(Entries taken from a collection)
⟨

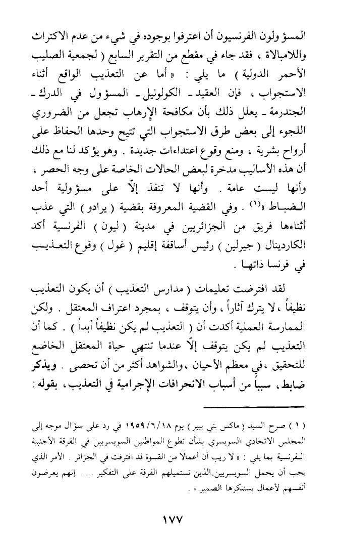 (¬1) صرح السيد (ماكس بتي بيير) يوم 18/ 6 / 1959 في رد على سؤال موجه إلى المجلس الاتحادي السويسري شأن تطوع المواطنين السويسريين في الفرقة الأجنبية الفرنسية بما يلي: (لا ريب أن أعمالا من القسوة قد اقترفت في الجزائر. الأمر الذي يجب أن يحمل السويسريين الذين تستميلهم الفرقة على التفكير ... إنهم يعرضون أنفسهم لأعمال يستنكرها الضمير)
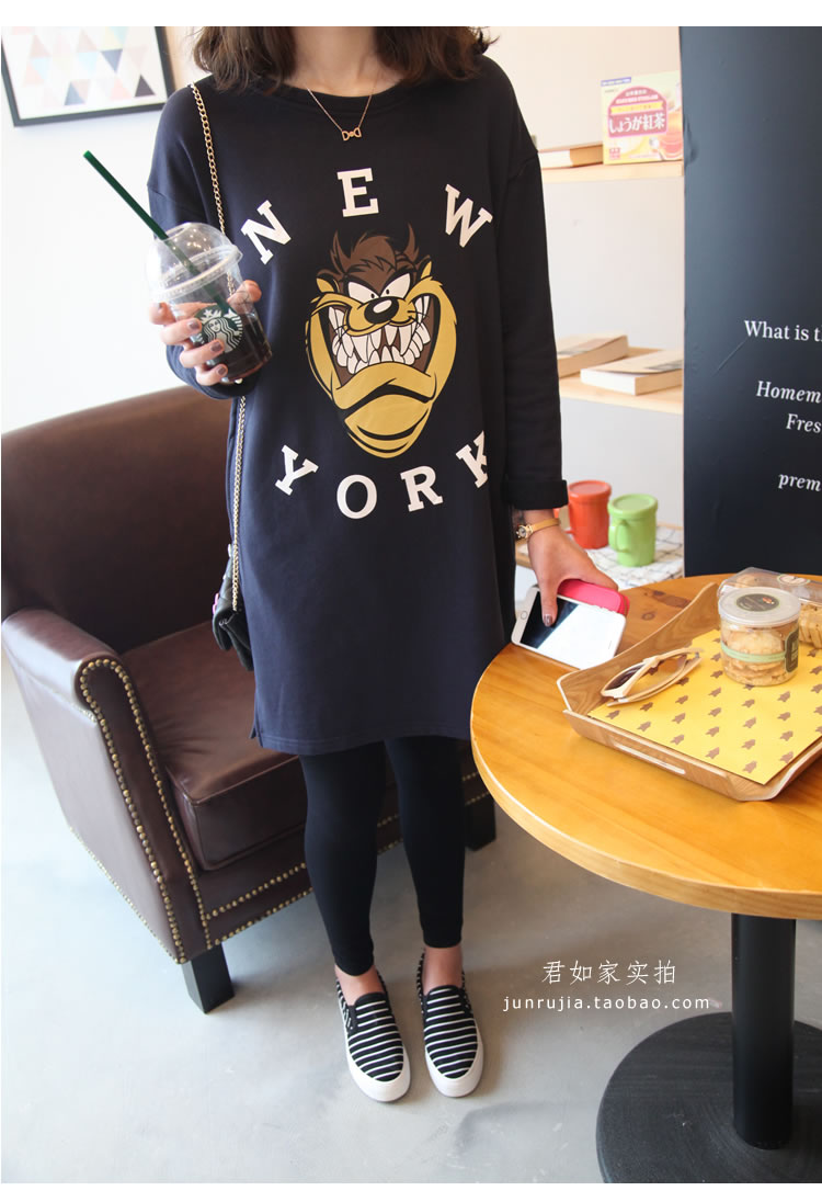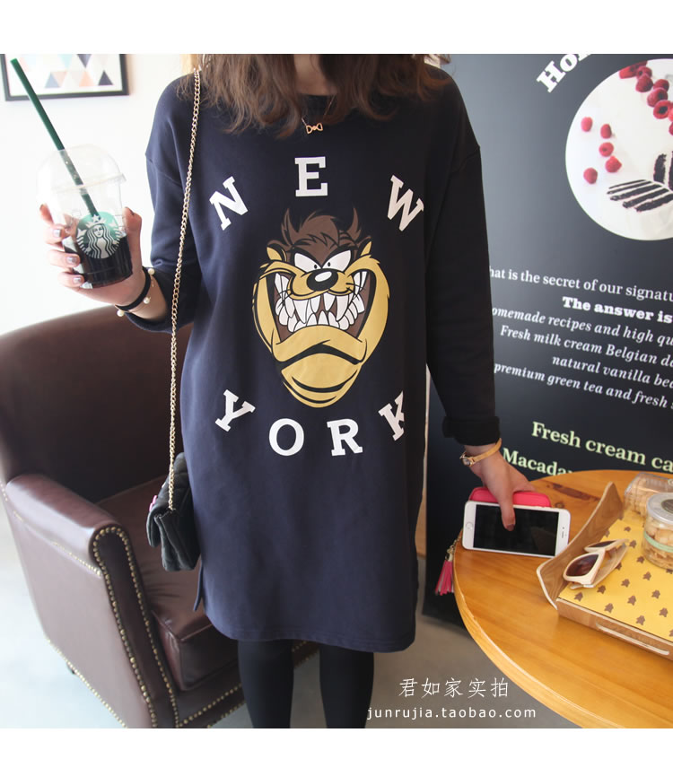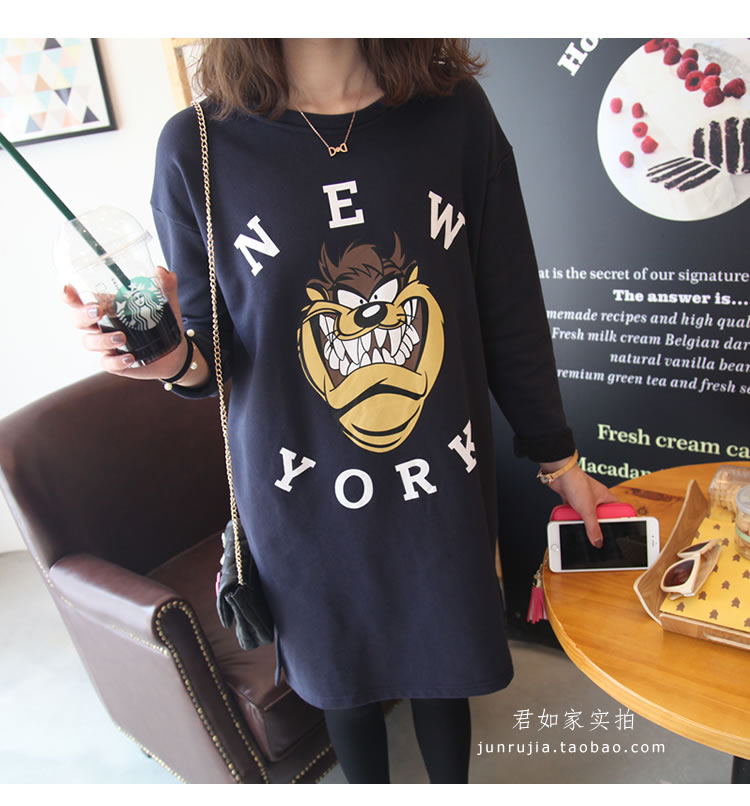 君如家獨家原創自制! 面料是100%全棉, 中厚全棉毛圈衛衣面料,適合春秋季節單穿或打底 藏青色很襯膚色,卡通印花圖案配色也很洋氣, 寬松中長款版型,長度大部分人穿了在大腿中下位置,2側帶口袋,下擺小開叉,休閑十足, 搭配條打底褲,舒適易穿,輕松休閑,好看~ 做個3個尺碼 胖瘦都能穿,孕婦 非孕婦都可以穿。 君如家重品質,店里商品基本都是純棉,我們非常重視染色,印花等環保度,衣服一般都沒有異味, 老顧客都知道品質,性價比很高,不會讓大家失望的。 下圖為君如家模特100%實拍,模特身高1.70米 體重90斤 穿的M寬松效果
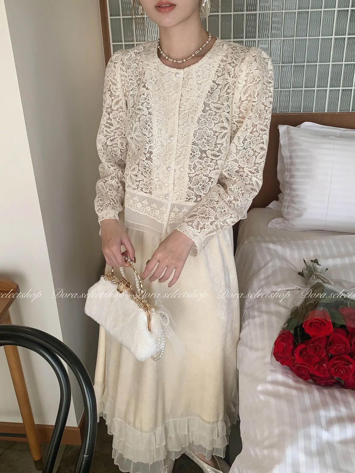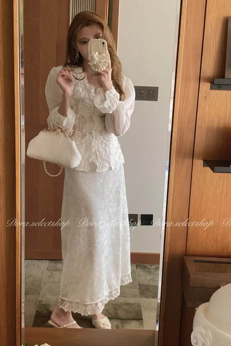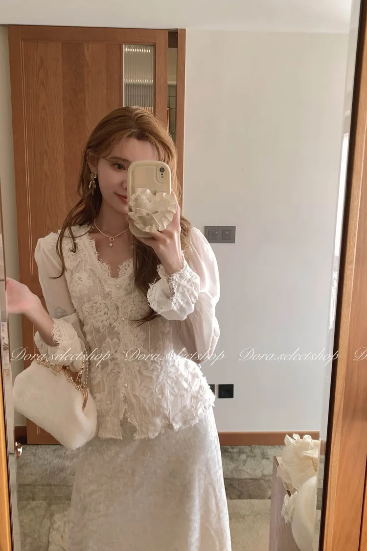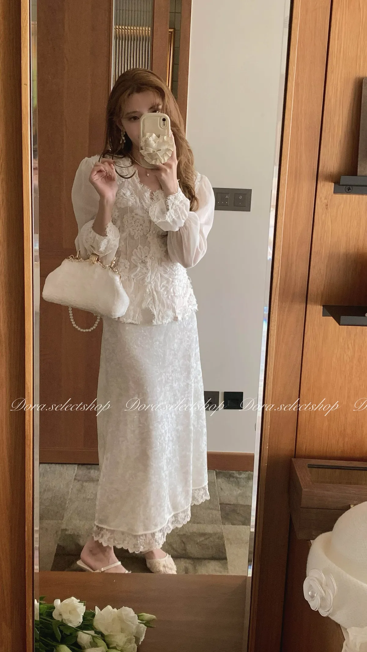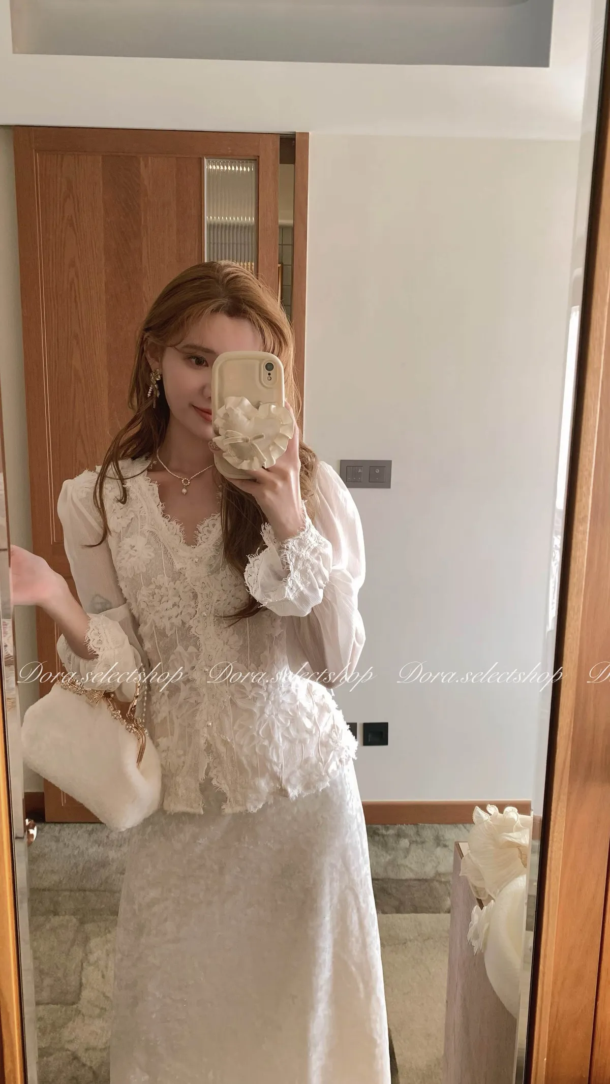 附珍珠長鏈.鏈條長鍊.珍珠蕾絲蝴蝶結掛飾
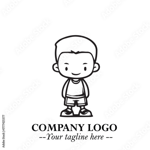 Black and White Chibi Boy Illustration with Jacket and Boots in Bold Thick Line Art Minimal Style
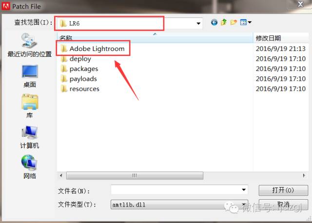 16. 然后浏览你的文件夹,找到刚才的安装路径,在Adobe Lightroom文件夹中找到amtlib.dll文件。再点击打开。然后可以关闭破解工具了。
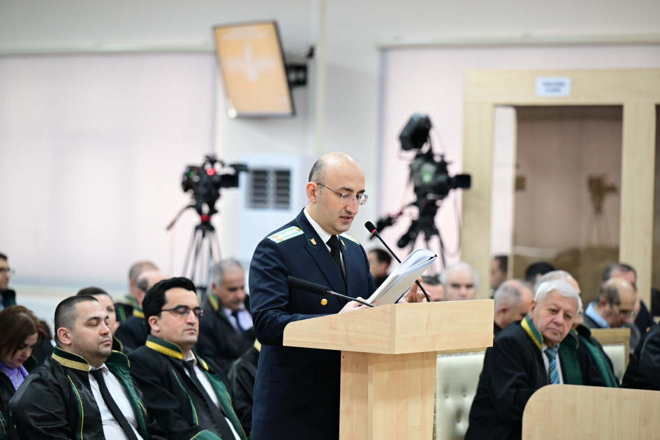Məhkəmə prosesi dövlət ittihamını müdafiə edən prokurorlar tərəfindən cinayət işi üzrə ittiham aktının nəticəvi hissəsinin elanı ilə davam etdirilib.
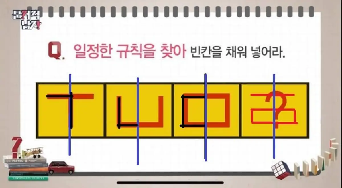 선 긋기 하나만으로 푸는 문제가 첫 번째는 한글, 두 번째는 숫자였다면,
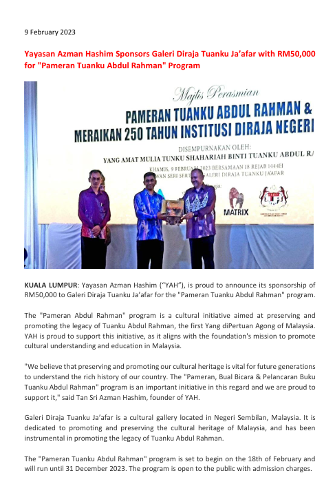Yayasan Azman Hashim Sponsors Galeri Diraja Tuanku Ja’afar with RM50,000 for “Pameran Tuanku Abdul Rahman” Program
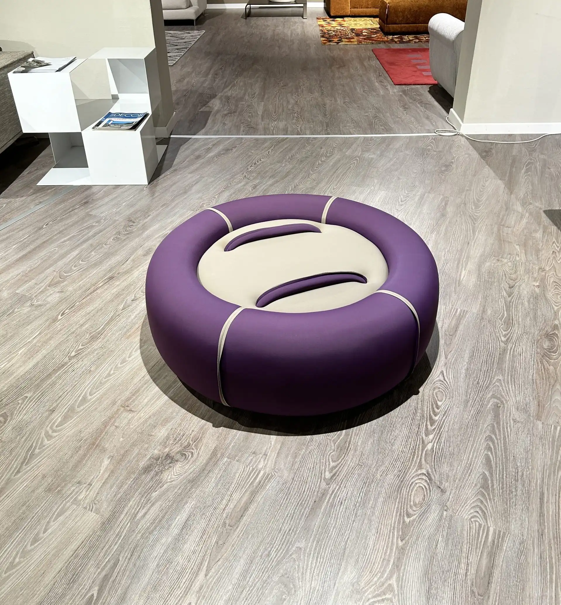 Poltrona Maki 100×91 cm rivestita in pelle. Visibile nel negozio di Treviso.
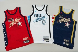 其中美國隊包含兩款球衣:一款飾有星形圖案的紅色球衣,以及一款帶有條紋元素的藍色球衣。世界隊則采用以地球圖案點綴的白色球衣。這三款由Jordan品牌特別設(shè)計的球衣,背面號碼上方均將印有球員所屬國家的國旗。這款命名為"Jordan品牌NBA全明星賽球迷版球衣"的產(chǎn)品,將于美國東部時間周三上午10點在NBA官方商店和耐克官網(wǎng)同步發(fā)售。
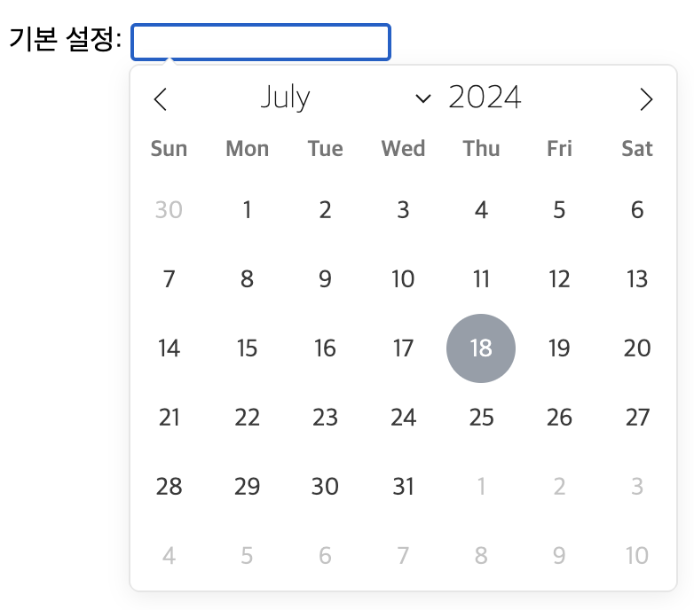 위 코드를 실행하고 input 필드를 누르면 아래와 같이 캘린더 기반 Date Picker 를 볼 수 있다.
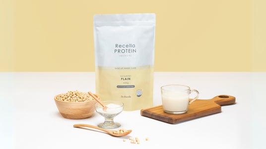 美容にうれしいイソフラボンが摂取できるソイプロテインに加え、吸収性に優れたホエイプロテインをW配合した「リセラ プロテイン」。
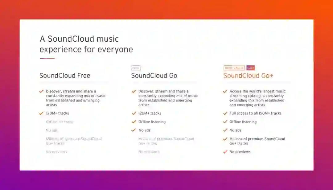 和其他流媒体音乐服务类似,订阅 SoundCloud Go 之后,便可以享受这些含版权音乐的无广告和离线播放功能。一年后,SoundCloud 又推出了 SoundCloud Go+ 订阅服务,拥有一个「高级会员专属曲库」。原有的 Go 则降级为基础版订阅服务,费用也降价到 5 美元每月。Go 订阅下无广告和离线播放依然可用,但遇到了高级会员专属曲库内的音乐就只能试听 30 秒。

⟩

What is expected: Exclude the pictures and give back the rest of the data above exactly as written.

Written response:
 (¬1) صرح السيد (ماكس بتي بيير) يوم 18/ 6 / 1959 في رد على سؤال موجه إلى المجلس الاتحادي السويسري شأن تطوع المواطنين السويسريين في الفرقة الأجنبية الفرنسية بما يلي: (لا ريب أن أعمالا من القسوة قد اقترفت في الجزائر. الأمر الذي يجب أن يحمل السويسريين الذين تستميلهم الفرقة على التفكير ... إنهم يعرضون أنفسهم لأعمال يستنكرها الضمير)
 君如家獨家原創自制! 面料是100%全棉, 中厚全棉毛圈衛衣面料,適合春秋季節單穿或打底 藏青色很襯膚色,卡通印花圖案配色也很洋氣, 寬松中長款版型,長度大部分人穿了在大腿中下位置,2側帶口袋,下擺小開叉,休閑十足, 搭配條打底褲,舒適易穿,輕松休閑,好看~ 做個3個尺碼 胖瘦都能穿,孕婦 非孕婦都可以穿。 君如家重品質,店里商品基本都是純棉,我們非常重視染色,印花等環保度,衣服一般都沒有異味, 老顧客都知道品質,性價比很高,不會讓大家失望的。 下圖為君如家模特100%實拍,模特身高1.70米 體重90斤 穿的M寬松效果
 附珍珠長鏈.鏈條長鍊.珍珠蕾絲蝴蝶結掛飾
 Black and White Chibi Boy Illustration with Jacket and Boots in Bold Thick Line Art Minimal Style
 16. 然后浏览你的文件夹,找到刚才的安装路径,在Adobe Lightroom文件夹中找到amtlib.dll文件。再点击打开。然后可以关闭破解工具了。
Məhkəmə prosesi dövlət ittihamını müdafiə edən prokurorlar tərəfindən cinayət işi üzrə ittiham aktının nəticəvi hissəsinin elanı ilə davam etdirilib.
 선 긋기 하나만으로 푸는 문제가 첫 번째는 한글, 두 번째는 숫자였다면,
Yayasan Azman Hashim Sponsors Galeri Diraja Tuanku Ja’afar with RM50,000 for “Pameran Tuanku Abdul Rahman” Program
 Poltrona Maki 100×91 cm rivestita in pelle. Visibile nel negozio di Treviso.
 其中美國隊包含兩款球衣:一款飾有星形圖案的紅色球衣,以及一款帶有條紋元素的藍色球衣。世界隊則采用以地球圖案點綴的白色球衣。這三款由Jordan品牌特別設(shè)計的球衣,背面號碼上方均將印有球員所屬國家的國旗。這款命名為"Jordan品牌NBA全明星賽球迷版球衣"的產(chǎn)品,將于美國東部時間周三上午10點在NBA官方商店和耐克官網(wǎng)同步發(fā)售。
 위 코드를 실행하고 input 필드를 누르면 아래와 같이 캘린더 기반 Date Picker 를 볼 수 있다.
 美容にうれしいイソフラボンが摂取できるソイプロテインに加え、吸収性に優れたホエイプロテインをW配合した「リセラ プロテイン」。
 和其他流媒体音乐服务类似,订阅 SoundCloud Go 之后,便可以享受这些含版权音乐的无广告和离线播放功能。一年后,SoundCloud 又推出了 SoundCloud Go+ 订阅服务,拥有一个「高级会员专属曲库」。原有的 Go 则降级为基础版订阅服务,费用也降价到 5 美元每月。Go 订阅下无广告和离线播放依然可用,但遇到了高级会员专属曲库内的音乐就只能试听 30 秒。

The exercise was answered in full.